FWIW, I don’t think this is intended to be shady, it’s just bizarrely complicated. By 2nd-hand comments I trust, ILs regularly meet estate and tax planners, who always say “You’re in fine shape money-wise and legally, but this is a logistical nightmare–please simplify”. But that’s a whole ‘nother issue that hopefully won’t land in our laps for a long time.
Walnut
My family loves dreaming up weird ass family financing like this. Don’t do it. You’re 100% better off negotiating with an unrelated third party who won’t hold Christmas holidays, a new family pet or if you buy too much takeout coffee over your head.
Anon
Anon at 9:40 am.
You’re a lawyer. You should know that there’s a difference between how people think things should be done, and how they actually should be done.
My guess is that you want the loans paid off now, either because the interest rate will be lower when ‘borrowing’ from your parents, or to reduce your debt/income ratio. (FYI, this transaction with your parents will likely be something that you’ll have to explain to a mortgage company, because they will want to understand the repayment terms.)

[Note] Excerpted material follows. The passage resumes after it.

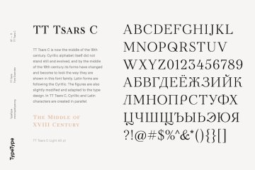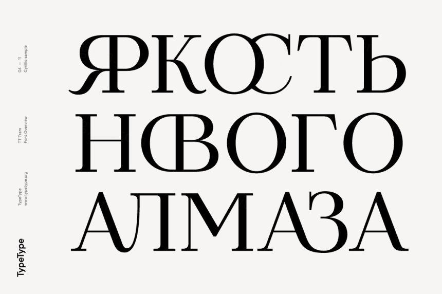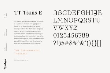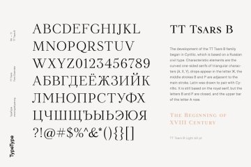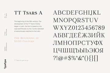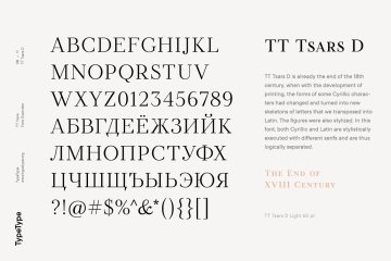 TT Tsars 字体系列是一系列衬线显示标题字体,其风格化为类似于十八世纪初期、中期和末期的字体。该项目基于标题字体,即用于设计书籍标题页的字体。TT Tsars 项目的想法是在对西里尔字体的历史发展进行小型研究后诞生的,也是基于 Abram Shchitsgal 的《俄罗斯民用字体》一书。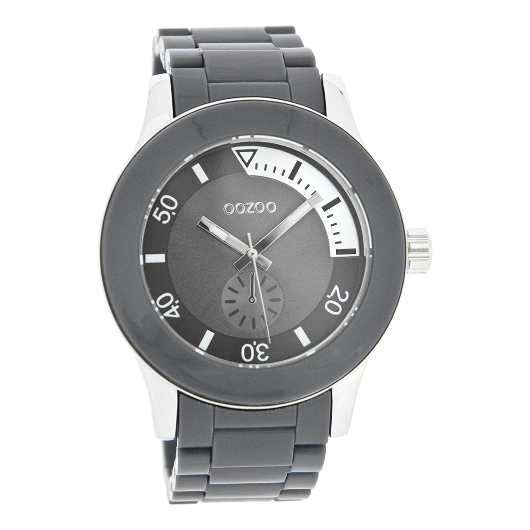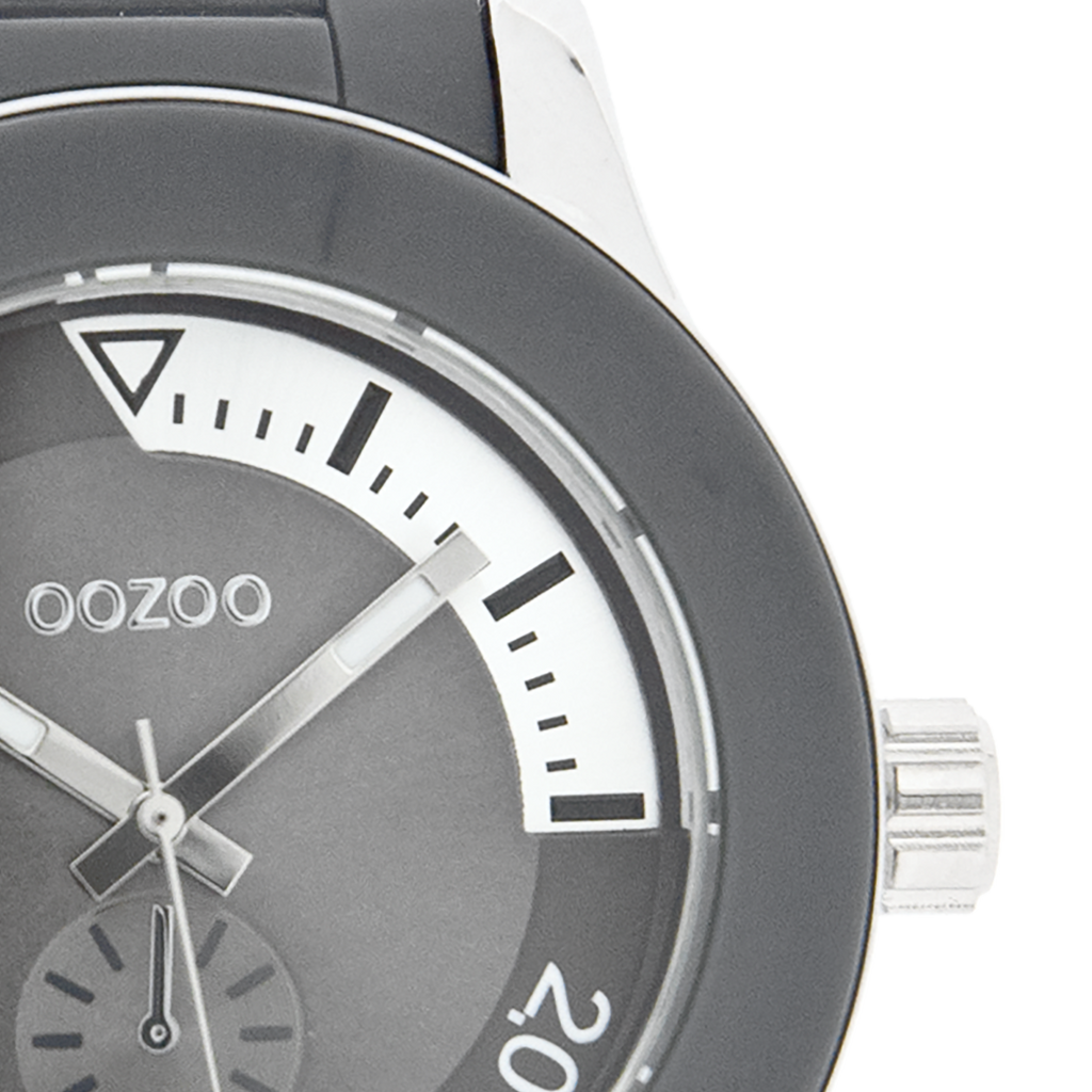 Silver coloured OOZOO watch with dark grey plastic watch strap - C4257

Your parents feel like they can ‘loan’ you the money, or they can take the hit to the principal but not to the growth of that principal.
Here’s a better plan: the lowest possible interest rate that you can be charged without triggering gift tax problems is found in Index of Applicable Federal Rates (AFR) Rulings. Find that current interest rate, and draw up a loan document wherein you agree on a principal, that interest rate, and loan repayment terms. Take the money, pay off your law school loans, and repay your parents.
Running the numbers: let’s say that you borrow $50,000 from them. You would pay them approximately $480 a month, or $5,800 a year, in interest + principal repayments, for ten years. If you did this weird “pay market rate interest but never repay the principal” thing, you would be paying them about $3,500 a year (increasing as the ‘interest’ on this fictitious ‘loan’ compounds).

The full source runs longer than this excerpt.